Wei Xiuli, Wang Yongge, Yao Jingfeng, Li Jianfei, Yuan Chengxun, Zhou Zhongxiang
Opt Express. 2025 Jun 16;33(12):26857-26868. doi: 10.1364/OE.567025.
Conventional wave absorbers face challenges concerning their volumes and limited absorption efficiency. While metasurface-based absorbers have achieved breakthroughs in thickness reduction and absorption enhancement, their narrowband characteristics restrict broader applications. In this study, inspired by geometric involute, a metasurface structure, which can generate multiple localized surface plasmon resonances (LSPR) at different frequencies within a single unit for broadening the absorption bandwidth, is proposed. Simulations and experiments are conducted, demonstrating that the proposed design can reach an absorption bandwidth of 20-28.2 GHz with an efficiency greater than 10 dB and a thickness of only 1.67 mm (approximately one-ninth of the wavelength at the lowest operating frequency). Thus, it exhibits ultrathin characteristics. A further analysis shows that the metasurface maintains a stable absorption performance for polarization and incident angles, with an absorption of almost 10 dB for polarization angle changes of less than 50°, or for incidence angles of almost 60°. This provides what we believe to be a novel solution for the design of broadband absorbers.
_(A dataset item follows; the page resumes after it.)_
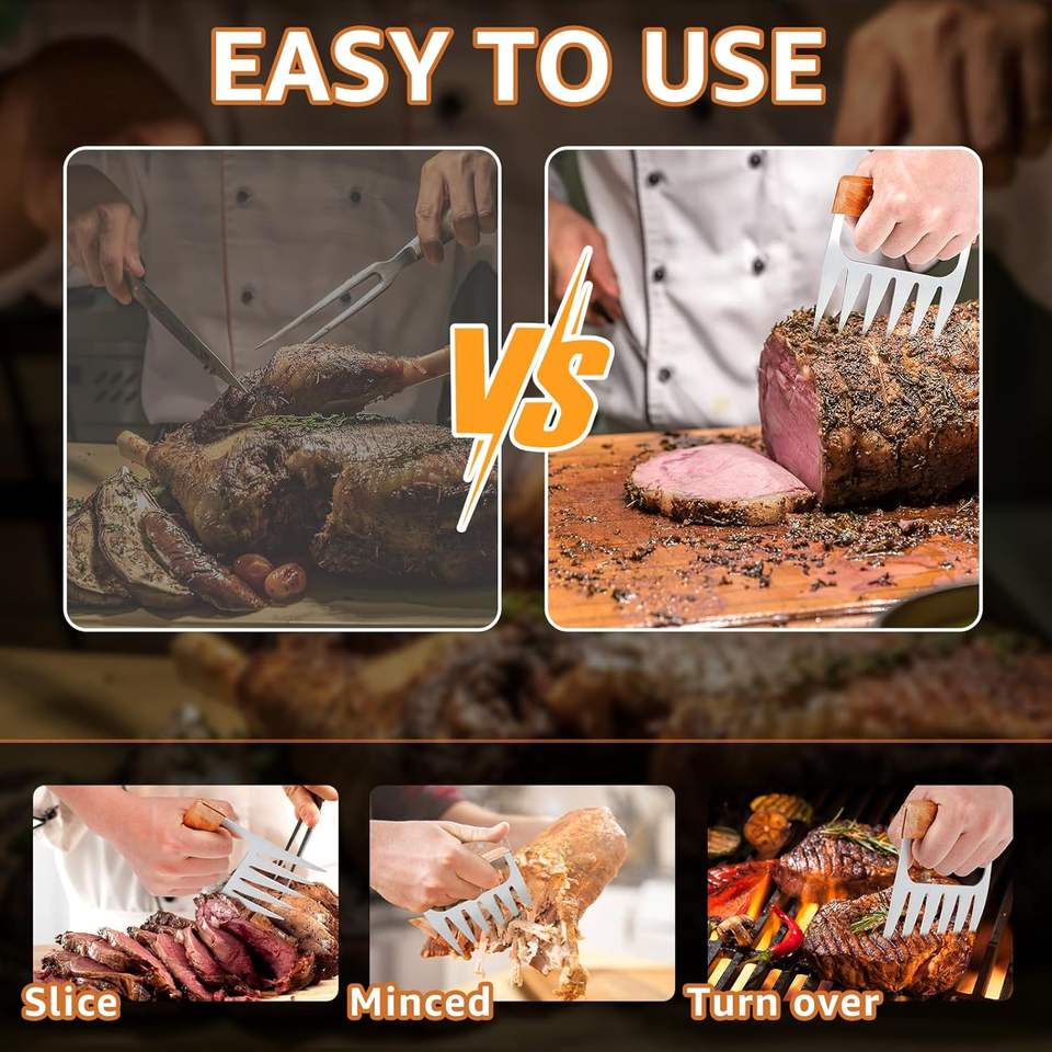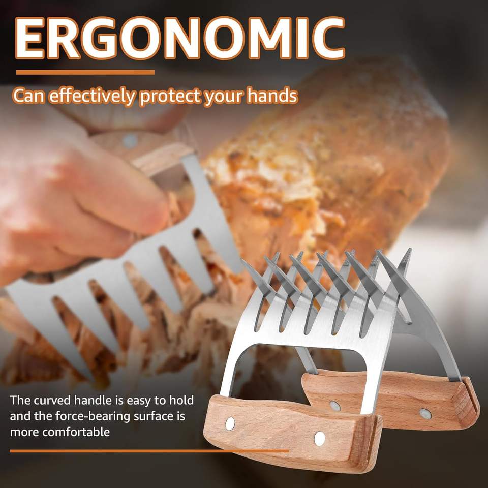 กรงเล็บสแตนเลสสำหรับฉีกเนื้อหมีพร้อมด้ามไม้ อุปกรณ์บาร์บีคิวสำหรับตั้งแคมป์กลางแจ้งและปิ้งย่าง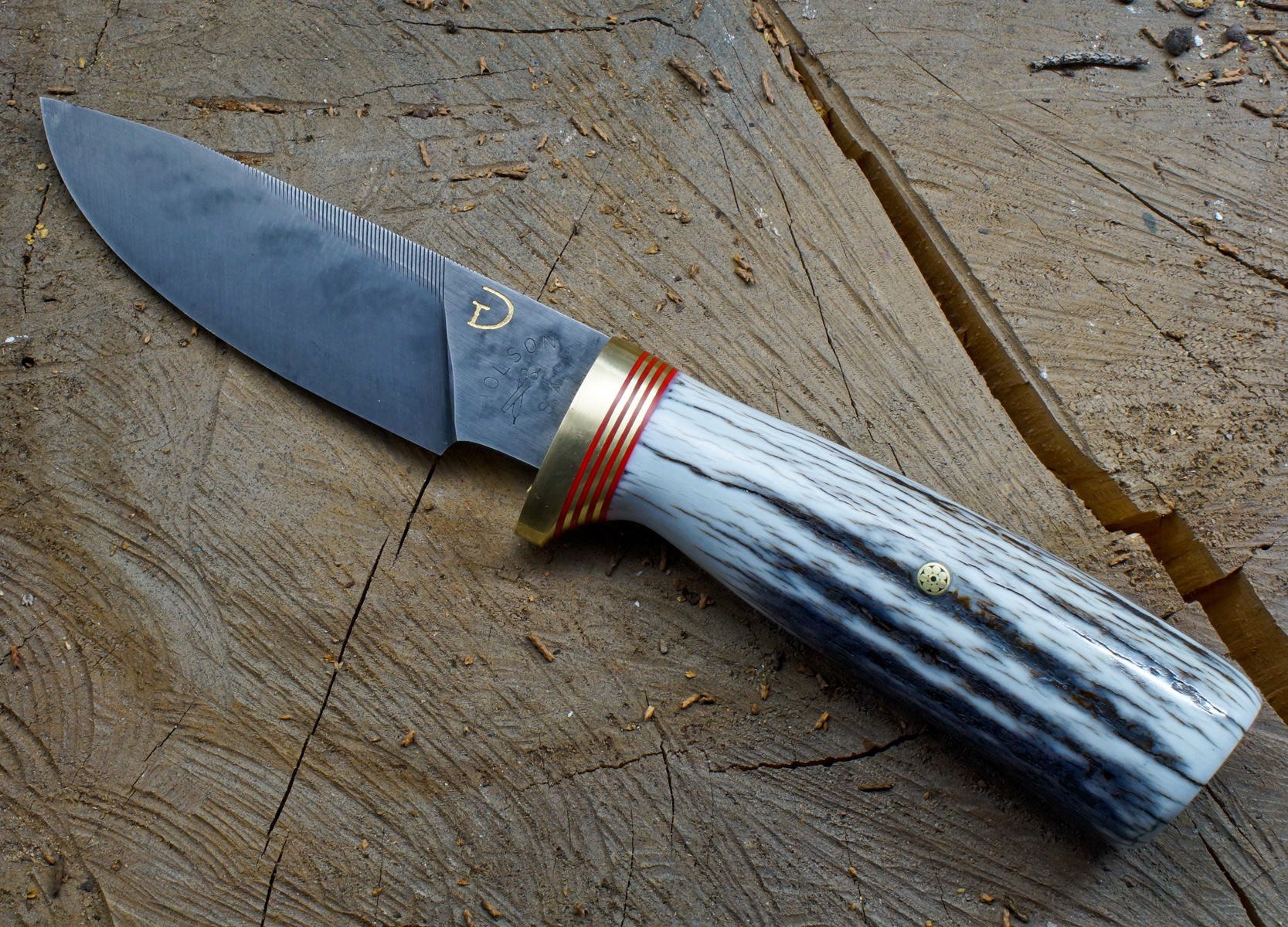 Here's a basic hunting knife. Nicholson file blade with Elk antler. Brass guard with red spacers. I like the old timey look so I dip it in ferric and it usually looks old lol

传统的波吸收器在体积和有限的吸收效率方面面临挑战。虽然基于超表面的吸收器在厚度减小和吸收增强方面取得了突破,但其窄带特性限制了更广泛的应用。在本研究中,受几何渐开线的启发,提出了一种超表面结构,该结构可以在单个单元内的不同频率处产生多个局域表面等离子体共振(LSPR),以拓宽吸收带宽。进行了模拟和实验,结果表明,所提出的设计能够实现20 - 28.2 GHz的吸收带宽,效率大于10 dB,厚度仅为1.67 mm(约为最低工作频率波长的九分之一)。因此,它具有超薄特性。进一步分析表明,该超表面对于偏振和入射角保持稳定的吸收性能,对于小于50°的偏振角变化或近60°的入射角,吸收几乎为10 dB。这为宽带吸收器的设计提供了一种我们认为新颖的解决方案。